▸ Required action:
Write out the entries below exactly, starting at the first line and stopping after the line that contains "デザフェス帰りの飲み会で、お花を頂いたのでテーブルに飾ってみました♪"; skip all pictures.

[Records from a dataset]

------------------------

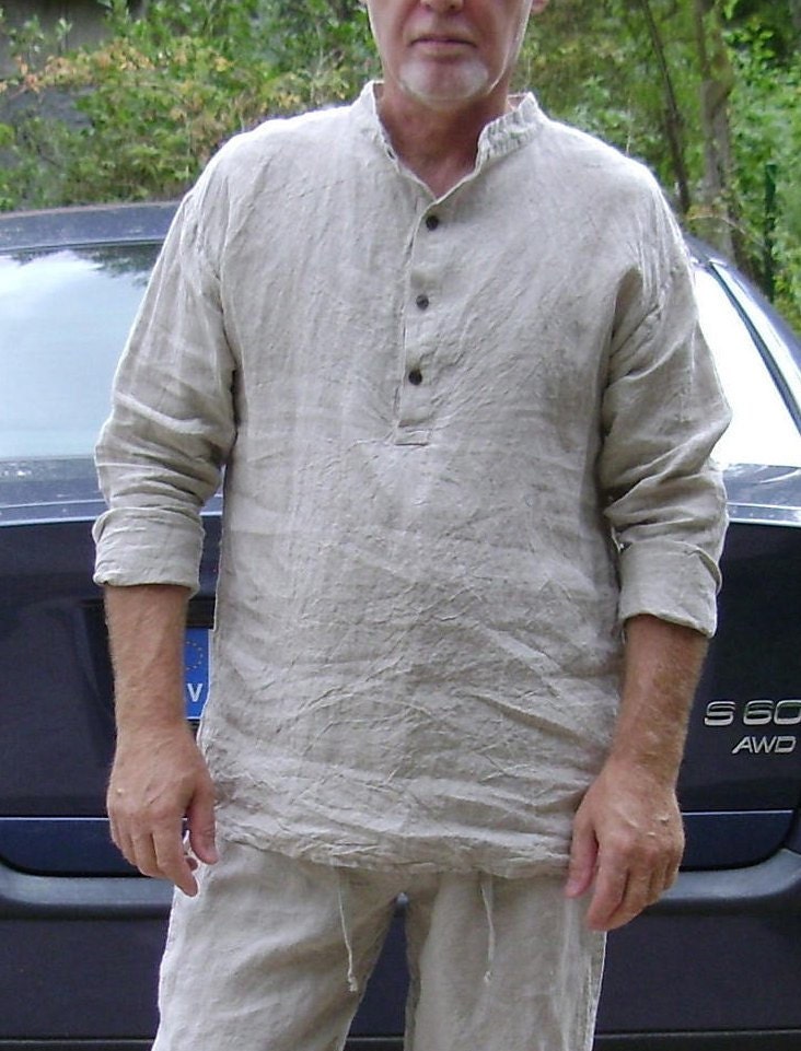 Men's linen shirt beach wedding clearance, Mens Linen Shirt Banded Collar Shirt clearance
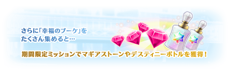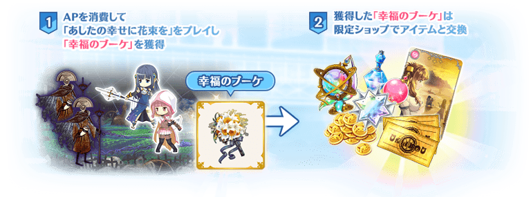 APを消費し、本イベントのクエストをプレイすることで、イベント限定ショップで、限定メモリアや限定ホーム背景、ガチャチケット等のアイテムと交換できる「幸福のブーケ」を獲得できます。
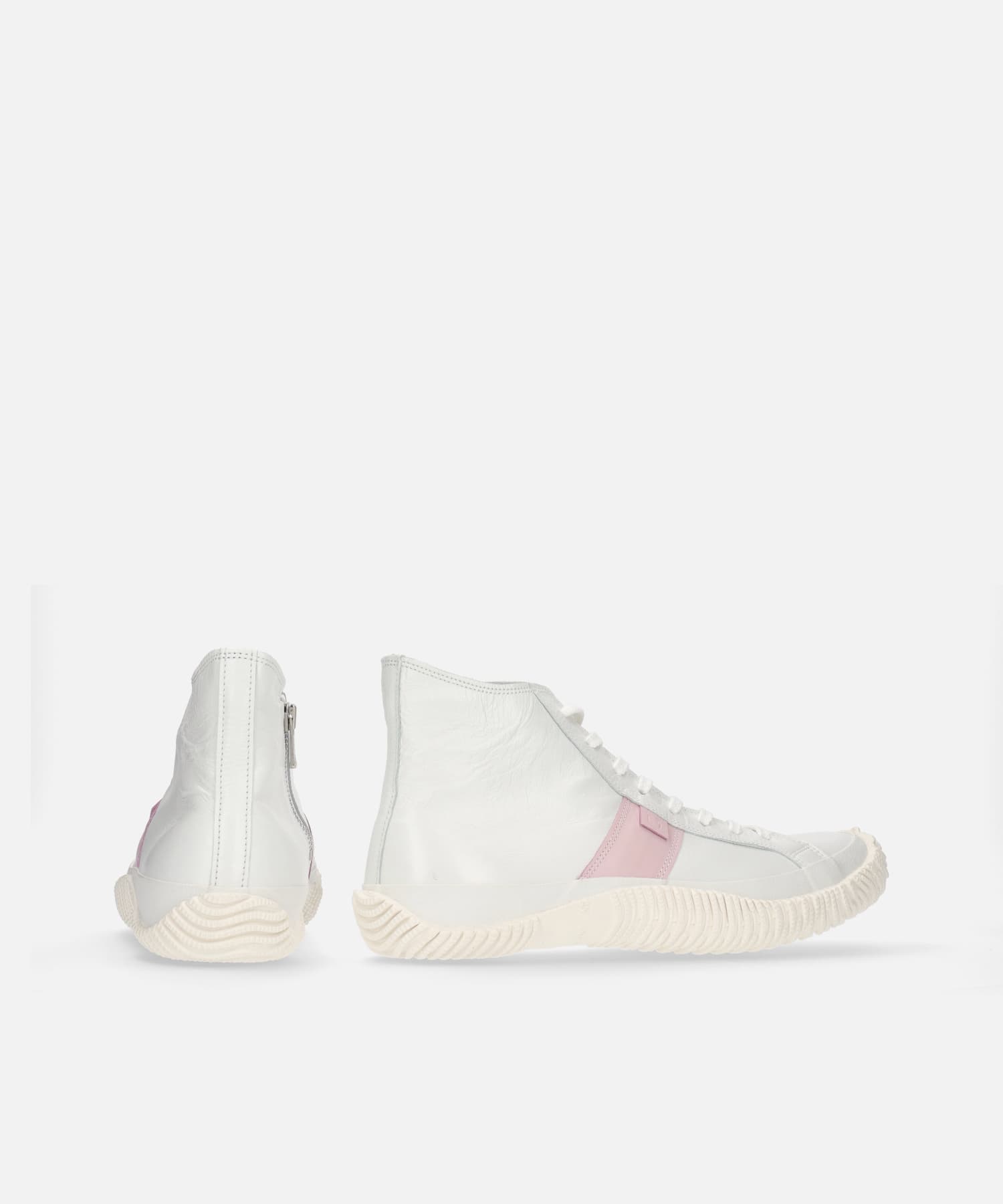 履き心地の良さにこだわり、カンガルーレザーを使用したハイカットの定番モデル。カンガルーレザーは、柔らかさ、高い強度、軽さを兼ね備えており、その特徴から野球やサッカーのスパイクとしても使用されている人気素材です。内側にファスナーを付けてアクセントにしています。
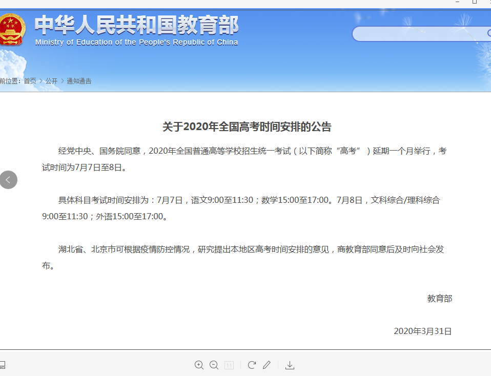 关于2020年全国高考时间安排的公告
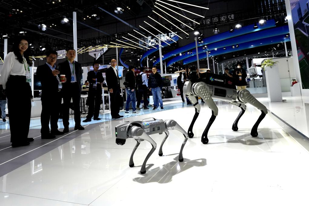 2023年11月7日,觀眾在第六屆進博會技術裝備展區觀看智能機器狗。新華社記者 張建松 攝
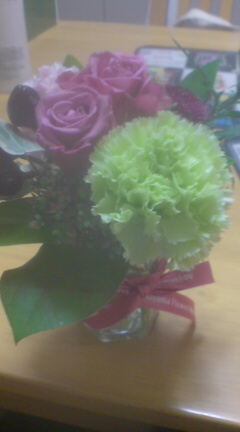 デザフェス帰りの飲み会で、お花を頂いたのでテーブルに飾ってみました♪
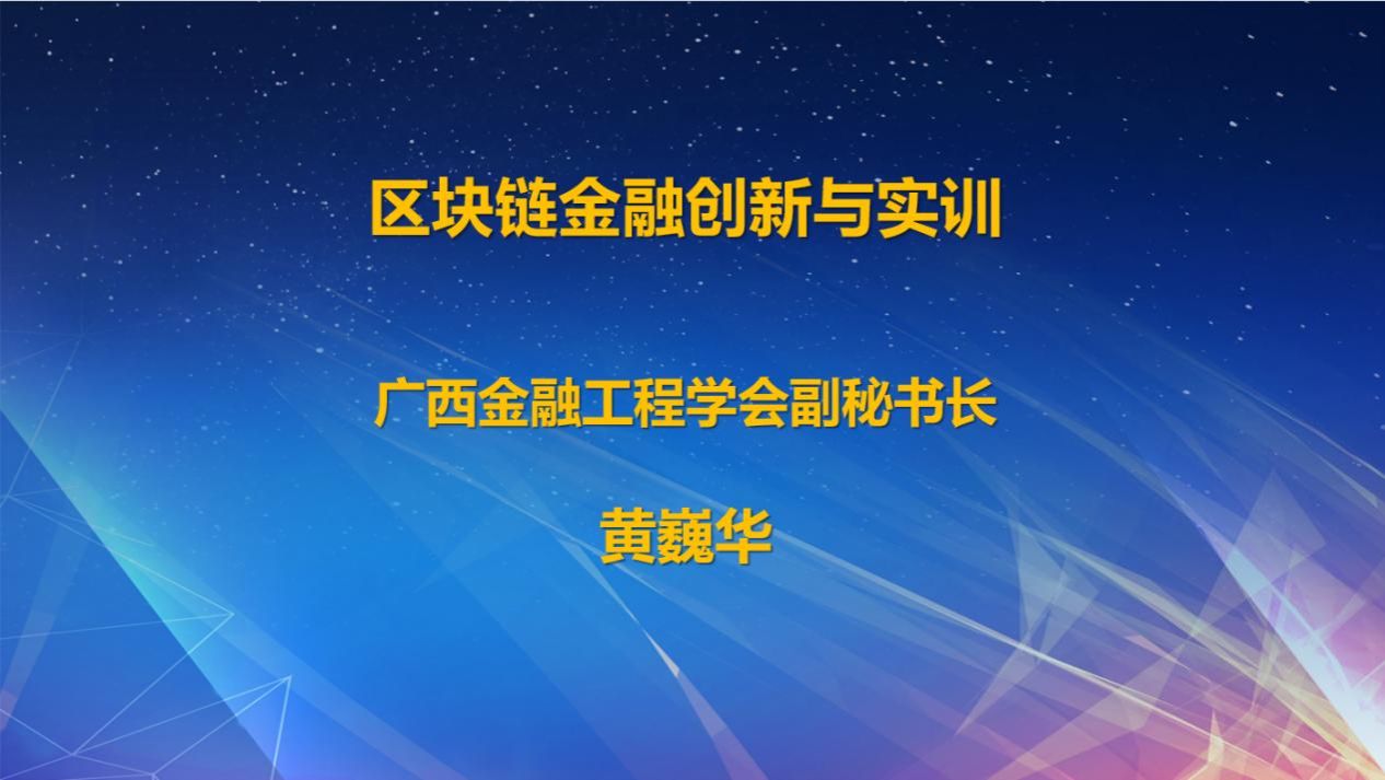 2022年12月27日至28日,广西金融工程学会副秘书长黄巍华老师为同学们带来了为期两天的《区块链金融创新与实训》课程。黄老师从区块链基础原理、建链与演练、区块链在银行中的应用、区块链的价值分析、区块链在证券中的应用等方面,带同学们全面了解了区块链的行业价值和使用场景。
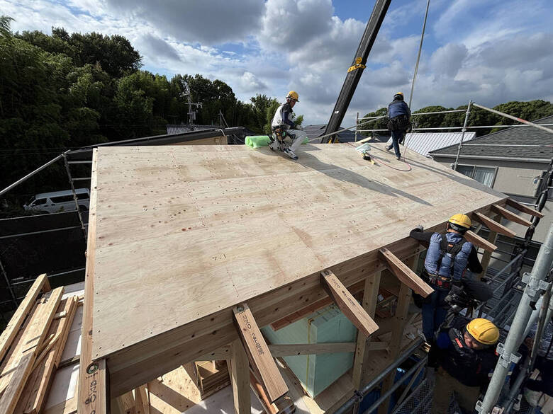 朝からの建て方を始めて夕方には屋根下地まで完了しました。

------------------------

▸ Task response:
 Men's linen shirt beach wedding clearance, Mens Linen Shirt Banded Collar Shirt clearance
 APを消費し、本イベントのクエストをプレイすることで、イベント限定ショップで、限定メモリアや限定ホーム背景、ガチャチケット等のアイテムと交換できる「幸福のブーケ」を獲得できます。
 履き心地の良さにこだわり、カンガルーレザーを使用したハイカットの定番モデル。カンガルーレザーは、柔らかさ、高い強度、軽さを兼ね備えており、その特徴から野球やサッカーのスパイクとしても使用されている人気素材です。内側にファスナーを付けてアクセントにしています。
 关于2020年全国高考时间安排的公告
 2023年11月7日,觀眾在第六屆進博會技術裝備展區觀看智能機器狗。新華社記者 張建松 攝
 デザフェス帰りの飲み会で、お花を頂いたのでテーブルに飾ってみました♪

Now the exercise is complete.